- [What the task asks]:
Without changing a word, repeat the data, and include no pictures.

Extracted records:
+ + + +

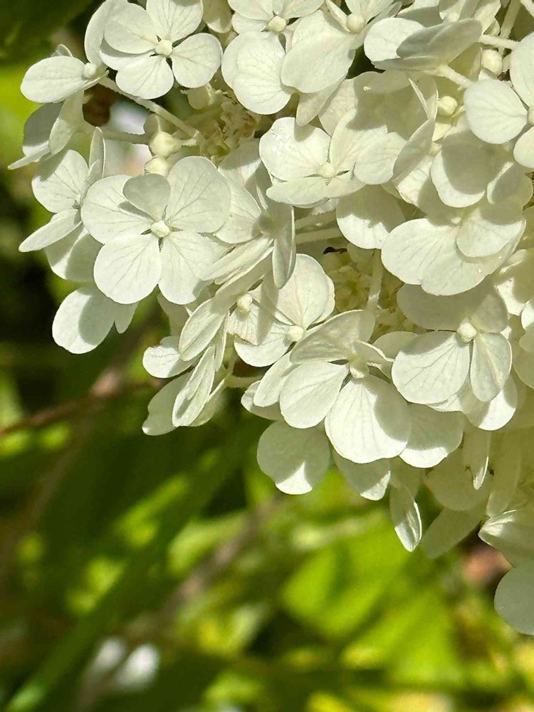 Hydrangea paniculata/Hydrangea. Hydrangeaceae. Cornales. Magnoliopsida. Tracheophyta Commonly called/Panicle hydrangea Native to/China. Japan Naturalized/China. New Zealsnd. the Americas Spititual meaning/Gratitude. Grace. Beauty Symbolism/Unity. Togetherness *Mynth in Japan/An Emperor, who having angered a woman he loved deeply due to his neglect of her in favour of his work,gifted her with a bunch of hydrangeas as a symbol of his deep emotions and gratitude towords her. Photo 8/2 9:29am 2023
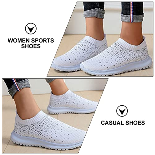 Womens Loafers Rhinestone On Sneakers Breathable Sock Shoes Mesh Walking Running Sports Shoes Platform Sneakers White 7
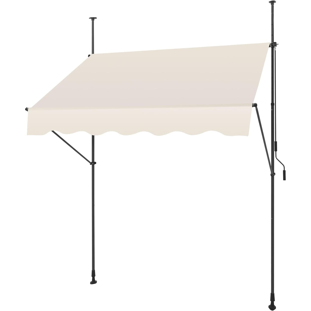 Manual Retractable Patio Awning, Adjustable Sunshade for Outdoor Door, Window, Balcony, Beige
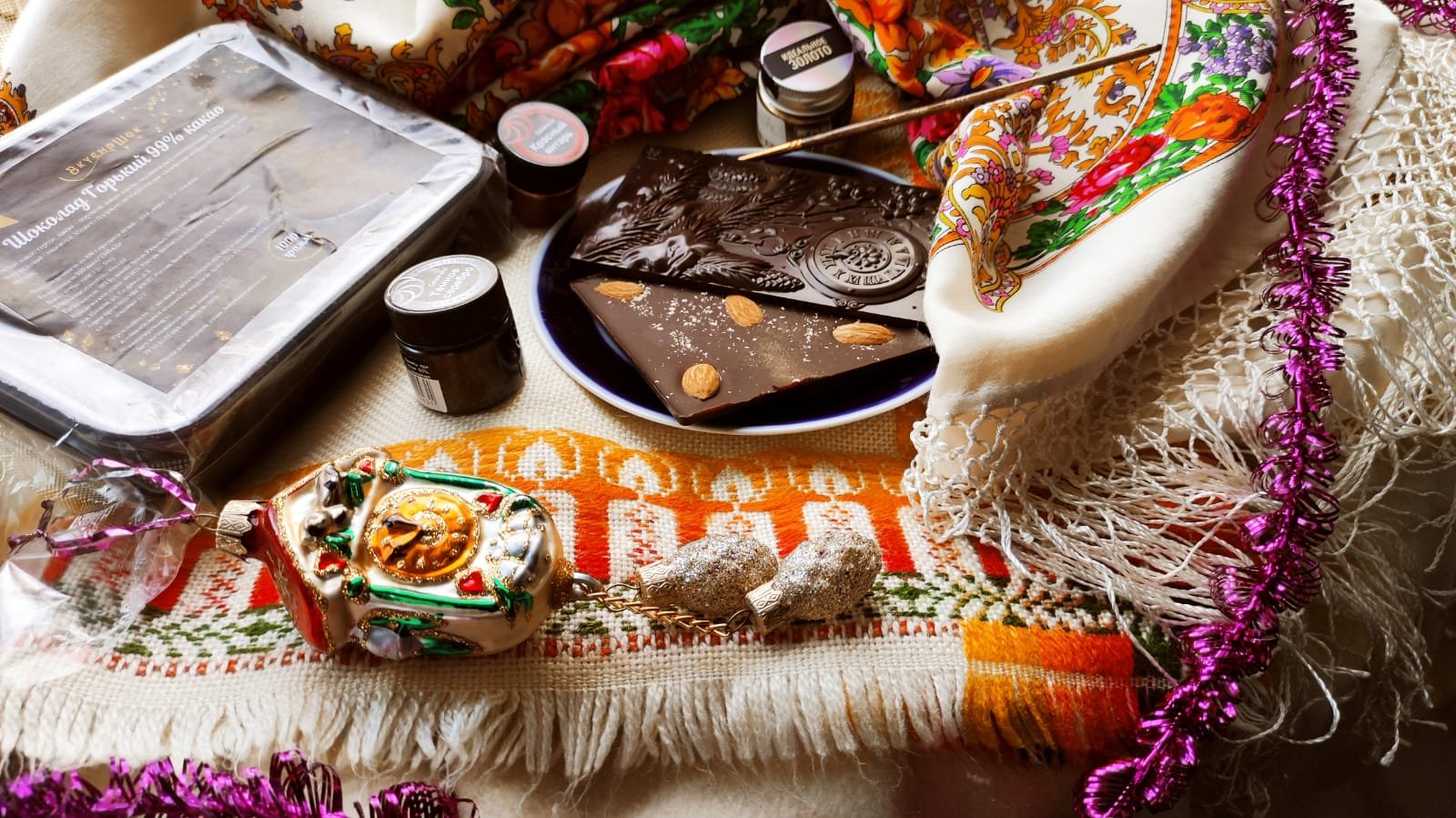 - Из килограммовой развесовки чистого горького (+ванилин) формировала в плиточки с новогодней тематикой, в растопленный добавляя понемножку корицу+гвоздику+мускатный орех+имбирь+кардамон+черный перец + подсластитель эритрит и стевию + совсем мало соли.
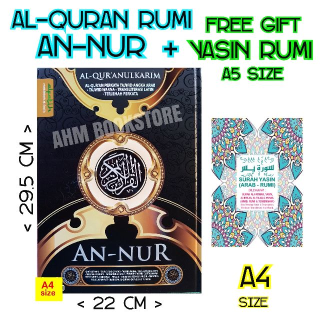 Ready Stock Alquran Al Quran Rumi Annur An Nur An Nur A4 Size Percuma Yasin Rumi Shopee Malaysia
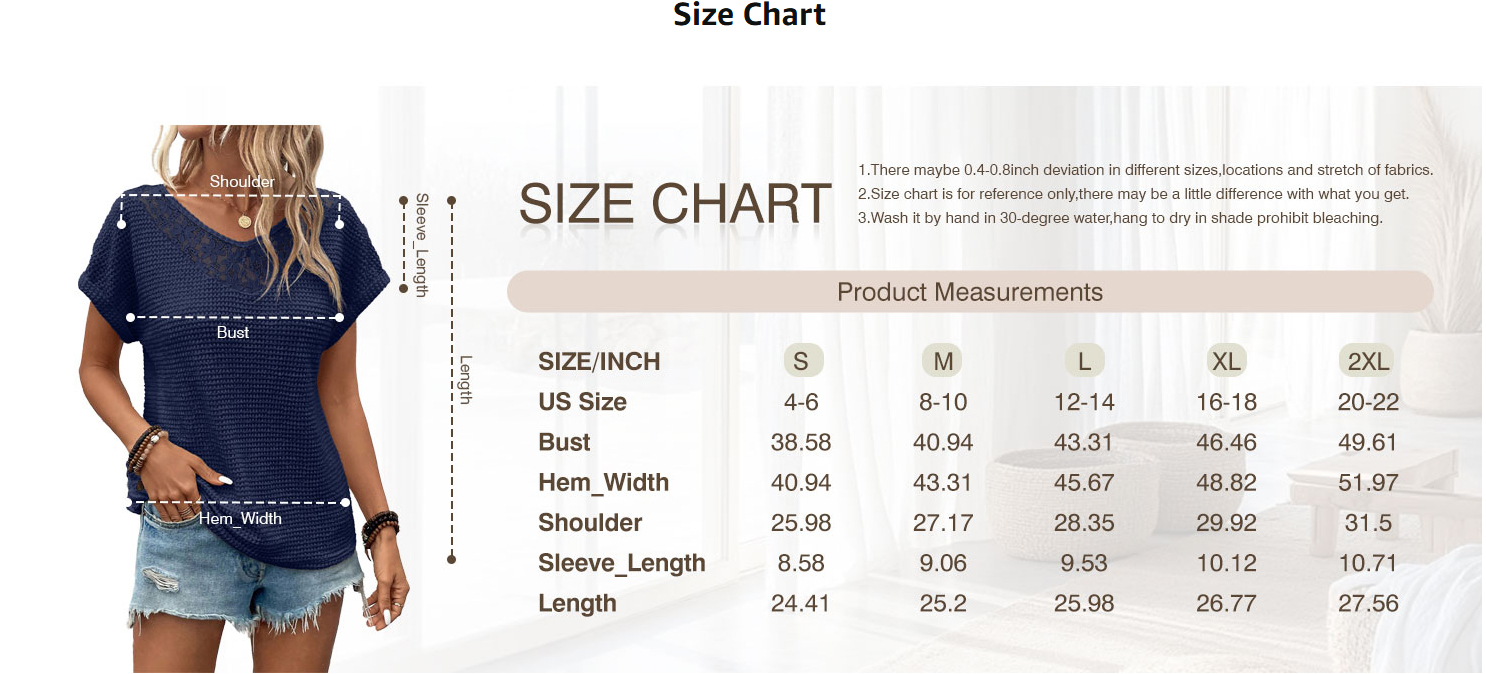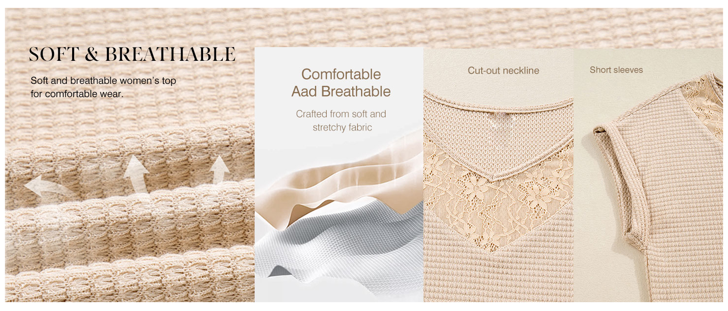 Women's trendy summer waffle knit top, V-neck with hollow-out lace detail, short sleeve and breathable, stylish and versatile for summer days!
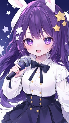 1girl, solo, long hair, looking at viewer, blush, smile, open mouth, bangs, hair ornament, hat, holding, animal ears, purple eyes, purple hair, teeth, virtual youtuber, star \(symbol\), rabbit ears, microphone, holding microphone, rabbit hair ornament
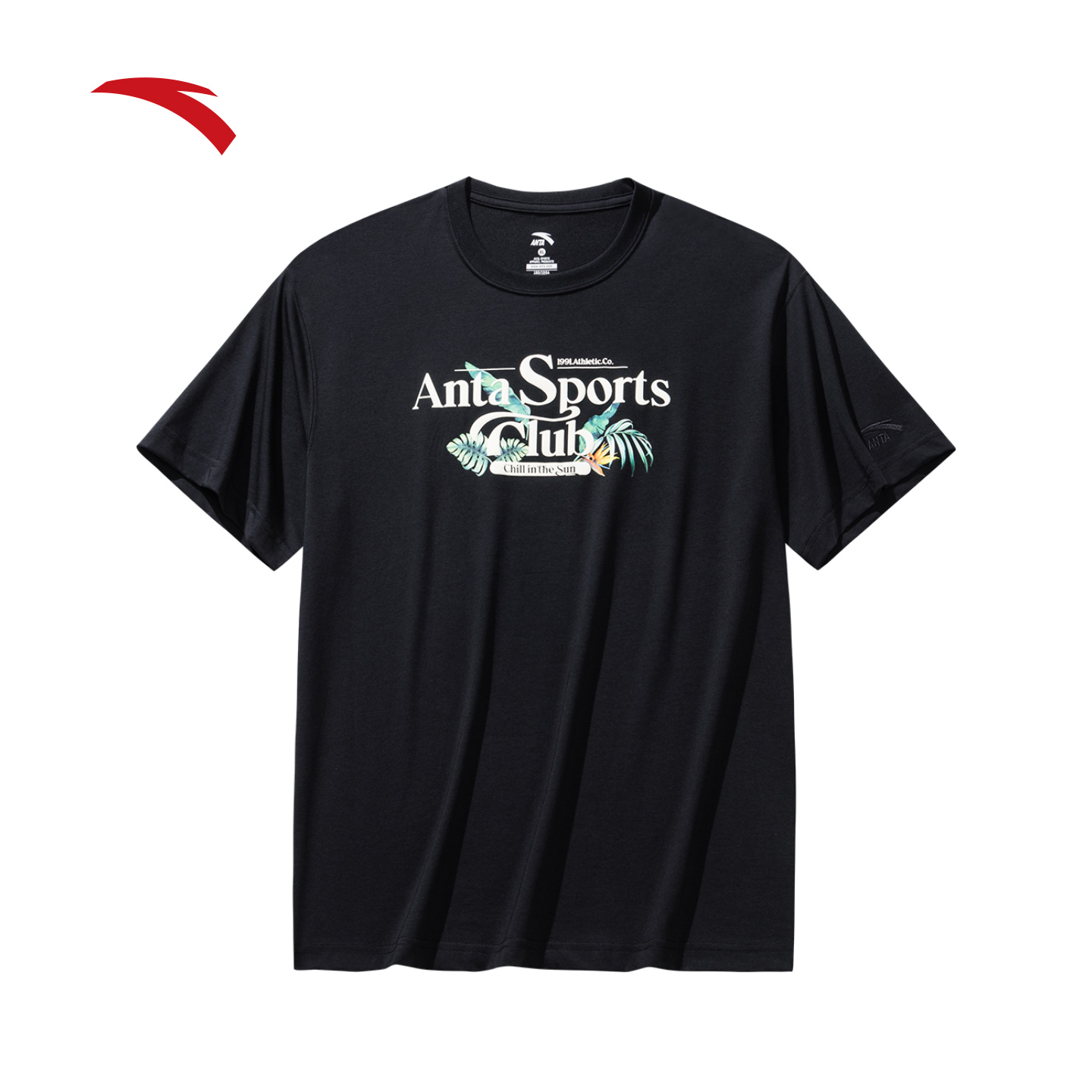 安踏宽松圆领冰丝T恤休闲短袖男装夏季新款印花百搭半袖152538122
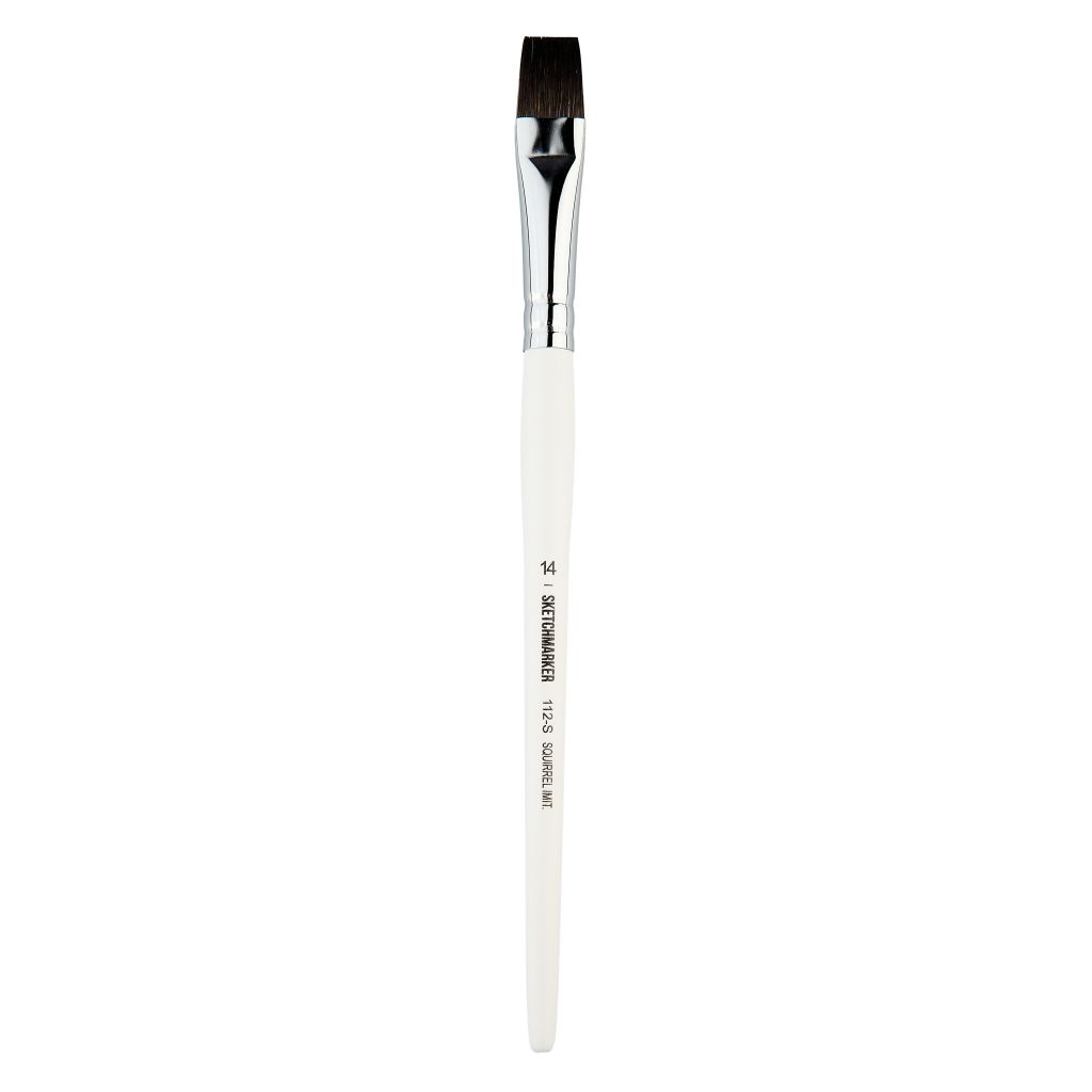 Кисти серии 112 от бренда Sketchmarker изготовлены из синтетики, имитирующей беличий ворс. Кисти обладают оптимальными свойствами мягкости и упругости, предназначены для работы акварелью и другими красками на водной основе. В отличие от кистей из натурального ворса, синтетические кисти обладают повышенной износоустойчивостью. Серия представлена кистями с пучком плоской формы, широкий размерный ряд позволяет выбрать кисть как прорисовки деталей, так и для крупных мазков и заливок. Рабочая часть кисти закреплена металлической обоймой на короткой деревянной ручке.
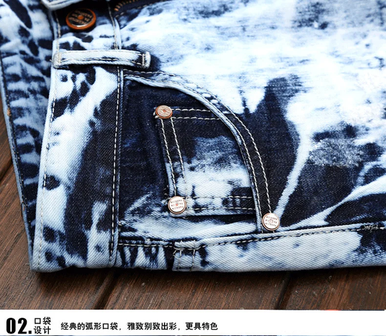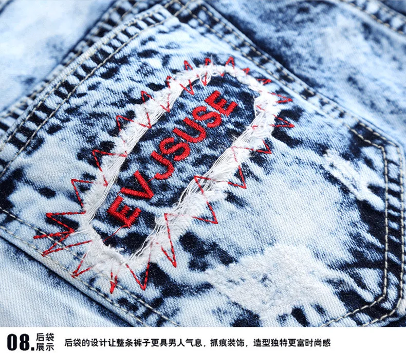 Мужские рваные джинсы стрейч составного кроя с вышивкой, модные пря...

+ + + +

- [Task result]:
 Hydrangea paniculata/Hydrangea. Hydrangeaceae. Cornales. Magnoliopsida. Tracheophyta Commonly called/Panicle hydrangea Native to/China. Japan Naturalized/China. New Zealsnd. the Americas Spititual meaning/Gratitude. Grace. Beauty Symbolism/Unity. Togetherness *Mynth in Japan/An Emperor, who having angered a woman he loved deeply due to his neglect of her in favour of his work,gifted her with a bunch of hydrangeas as a symbol of his deep emotions and gratitude towords her. Photo 8/2 9:29am 2023
 Womens Loafers Rhinestone On Sneakers Breathable Sock Shoes Mesh Walking Running Sports Shoes Platform Sneakers White 7
 Manual Retractable Patio Awning, Adjustable Sunshade for Outdoor Door, Window, Balcony, Beige
 - Из килограммовой развесовки чистого горького (+ванилин) формировала в плиточки с новогодней тематикой, в растопленный добавляя понемножку корицу+гвоздику+мускатный орех+имбирь+кардамон+черный перец + подсластитель эритрит и стевию + совсем мало соли.
 Ready Stock Alquran Al Quran Rumi Annur An Nur An Nur A4 Size Percuma Yasin Rumi Shopee Malaysia
 Women's trendy summer waffle knit top, V-neck with hollow-out lace detail, short sleeve and breathable, stylish and versatile for summer days!
 1girl, solo, long hair, looking at viewer, blush, smile, open mouth, bangs, hair ornament, hat, holding, animal ears, purple eyes, purple hair, teeth, virtual youtuber, star \(symbol\), rabbit ears, microphone, holding microphone, rabbit hair ornament
 安踏宽松圆领冰丝T恤休闲短袖男装夏季新款印花百搭半袖152538122
 Кисти серии 112 от бренда Sketchmarker изготовлены из синтетики, имитирующей беличий ворс. Кисти обладают оптимальными свойствами мягкости и упругости, предназначены для работы акварелью и другими красками на водной основе. В отличие от кистей из натурального ворса, синтетические кисти обладают повышенной износоустойчивостью. Серия представлена кистями с пучком плоской формы, широкий размерный ряд позволяет выбрать кисть как прорисовки деталей, так и для крупных мазков и заливок. Рабочая часть кисти закреплена металлической обоймой на короткой деревянной ручке.
 Мужские рваные джинсы стрейч составного кроя с вышивкой, модные пря...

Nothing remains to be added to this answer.